Information provided ->
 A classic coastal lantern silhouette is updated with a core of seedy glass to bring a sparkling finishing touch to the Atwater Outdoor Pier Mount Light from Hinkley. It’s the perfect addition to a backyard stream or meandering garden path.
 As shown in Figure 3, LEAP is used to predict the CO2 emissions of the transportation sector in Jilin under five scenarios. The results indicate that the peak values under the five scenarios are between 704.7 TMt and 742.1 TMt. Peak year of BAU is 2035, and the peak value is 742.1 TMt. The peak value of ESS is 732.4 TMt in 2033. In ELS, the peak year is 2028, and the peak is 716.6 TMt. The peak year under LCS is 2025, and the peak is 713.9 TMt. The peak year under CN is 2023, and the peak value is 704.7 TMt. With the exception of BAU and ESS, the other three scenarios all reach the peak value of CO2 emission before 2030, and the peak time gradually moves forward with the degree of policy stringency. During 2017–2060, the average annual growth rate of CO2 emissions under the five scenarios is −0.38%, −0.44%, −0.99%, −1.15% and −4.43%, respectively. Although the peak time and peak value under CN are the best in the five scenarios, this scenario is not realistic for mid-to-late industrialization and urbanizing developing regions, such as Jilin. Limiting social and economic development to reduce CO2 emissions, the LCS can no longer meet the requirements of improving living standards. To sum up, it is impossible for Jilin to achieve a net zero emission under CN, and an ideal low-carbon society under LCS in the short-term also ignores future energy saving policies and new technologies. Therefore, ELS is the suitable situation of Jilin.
...
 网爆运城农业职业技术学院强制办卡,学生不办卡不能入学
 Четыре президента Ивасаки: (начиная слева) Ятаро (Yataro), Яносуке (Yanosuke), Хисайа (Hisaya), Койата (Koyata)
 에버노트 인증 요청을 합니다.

Task requirements -> Only the lines above from the line containing "Четыре президента Ивасаки: (начиная" through the line containing "에버노트 인증 요청을 합니다." should be retyped, exactly and with both ends included.

Solution ->
 Четыре президента Ивасаки: (начиная слева) Ятаро (Yataro), Яносуке (Yanosuke), Хисайа (Hisaya), Койата (Koyata)
 에버노트 인증 요청을 합니다.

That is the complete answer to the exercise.